Draws on the 16 personality types identified in the Myers-Briggs personality profile, matches each to a suitable form and style of spirituality, and shows why prayer is different for each.
This book is about how different Myers-Briggs personality types approach prayer and spiritual practices. There is a one-chapter introduction to Myers-Briggs, followed by another quick chapter (the book calls it a "sampler") on Catholic spirituality. The meat of the book is an examination of prayer and spirituality through each of the eight M-B preferences: introversion/extroversion, sensing/intuitive, thinking/feeling, and judging/perceiving. The last chapters wrap everything up and give some examples of prayers based on MBTI types.

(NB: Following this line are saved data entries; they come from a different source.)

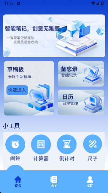 1、下载并打开penda笔记APP,就能看到诸多实用工具,并能便捷记事;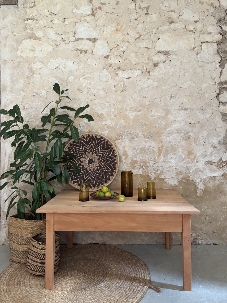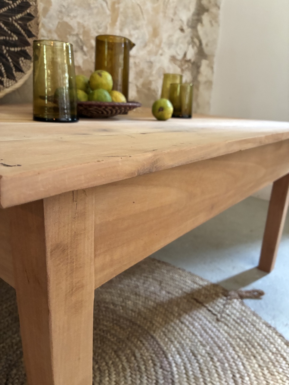 Table basse sobre et intemporelle en bois brut.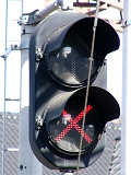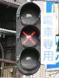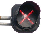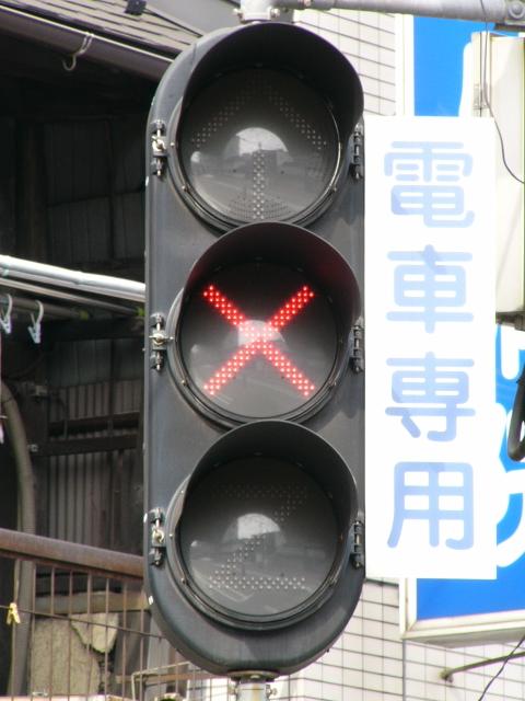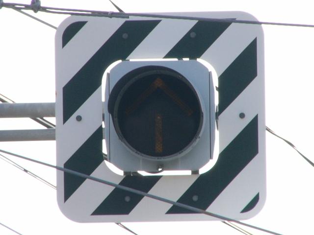 専用軌道の踏切手前に設置されています。上から「↑(黄矢印)」「×」となっています。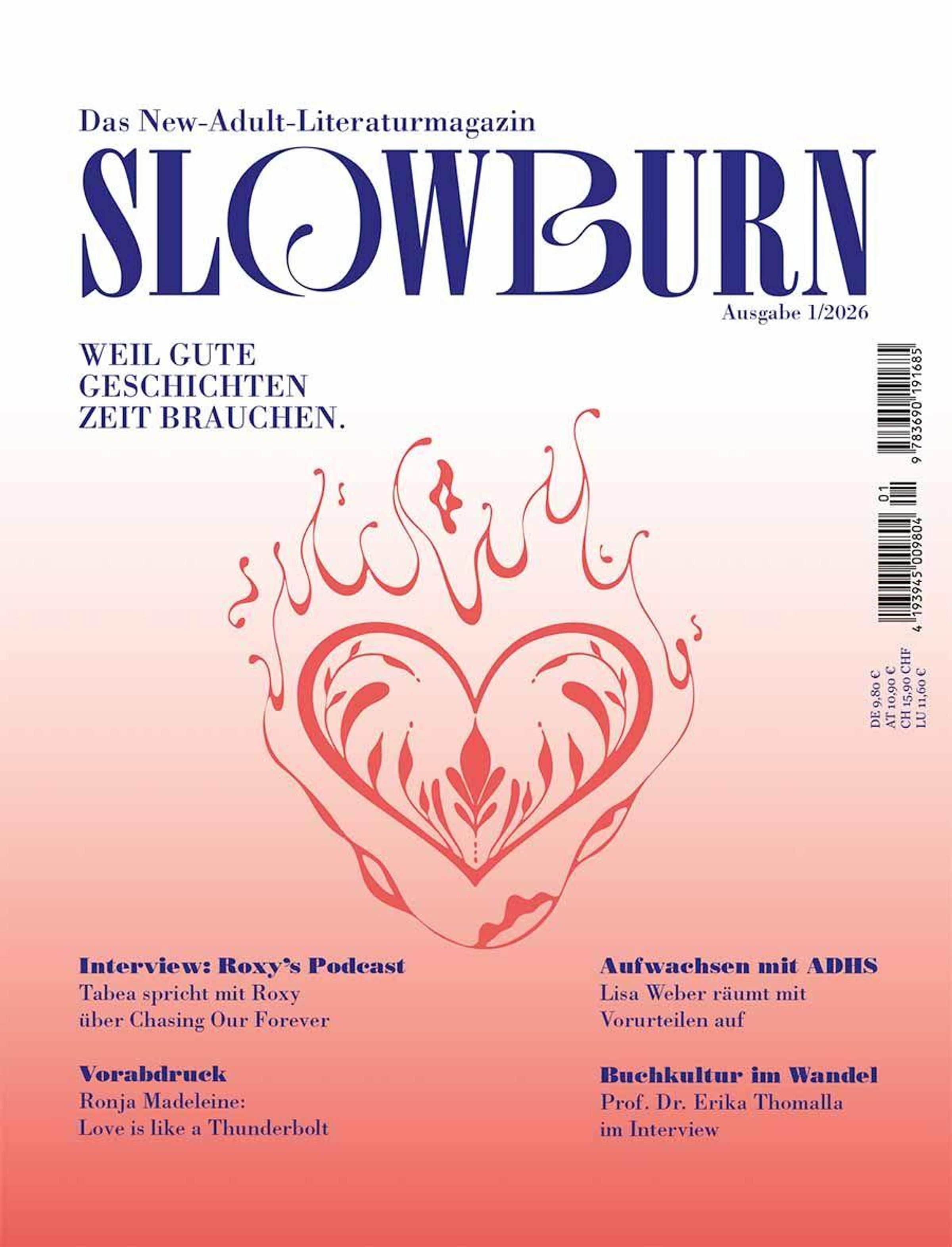 Das erste und einzige New-Adult-Literaturmagazin! Seit einiger Zeit herrscht in der New-Adult-Szene Überforderung. Welches Buch soll gelesen werden, welche Veranstaltungen gibt es in meiner Nähe, welche Themen sind gerade beliebt? SlowBurn - benannt nach dem New-Adult-Subgenre, in dem es um sich langsam entwickelnde Liebesgeschichten geht - hat sich zum Ziel gesetzt, das einordnende, mit viel Zeit und Leidenschaft in die Tiefe gehende Medium zu sein. Und das nicht nur für die Community, sondern auch von ihr. Wechselnde Influencerinnen unterstützen das Redaktionsteam nämlich inhaltlich und gestalten gleichzeitig den Onlineauftritt des Magazins mit. Die Redaktion arbeitet auf Hochtouren, frei nach dem Motto: Facts, Fiction and Lots of Love

I enjoyed the basic premise of the book, but it fell well short of my expectations. For starters, this book is dominated by a Catholic viewpoint, so if you're not Catholic, you miss a lot. Also, the author tends to get off topic relatively easily; in the chapter on introversion, for example, there are suddenly paragraphs devoted to the S/N and T/F spectrums, with no ties to the main thrust of the chapter. The chapters have lots of storytelling but little broad application. Finally, some of the author's M-B theory is either outdated or just wrong.
A better version of this book would bring the reader up to date with current MBTI thought, be more broadly applicable across all of Christian practice, and would have more concrete application for the reader.
11/2016 This 1987 book explores the Myers Briggs personality indicators to spiritual or worship preferences of Christians, mainly Catholics. Very works oriented theology. Author suggests people work in preference areas and stretch in non-preference areas to become spiritual, practice prayer, and work toward holiness. If people reach a certain holiness with this work, God will meet them and help them further gain holiness. Apart from the Catholic theology, this book prompted much thought about my own prayer life and worship experiences as an intuitive thinking in a world of a majority of sensing feelers.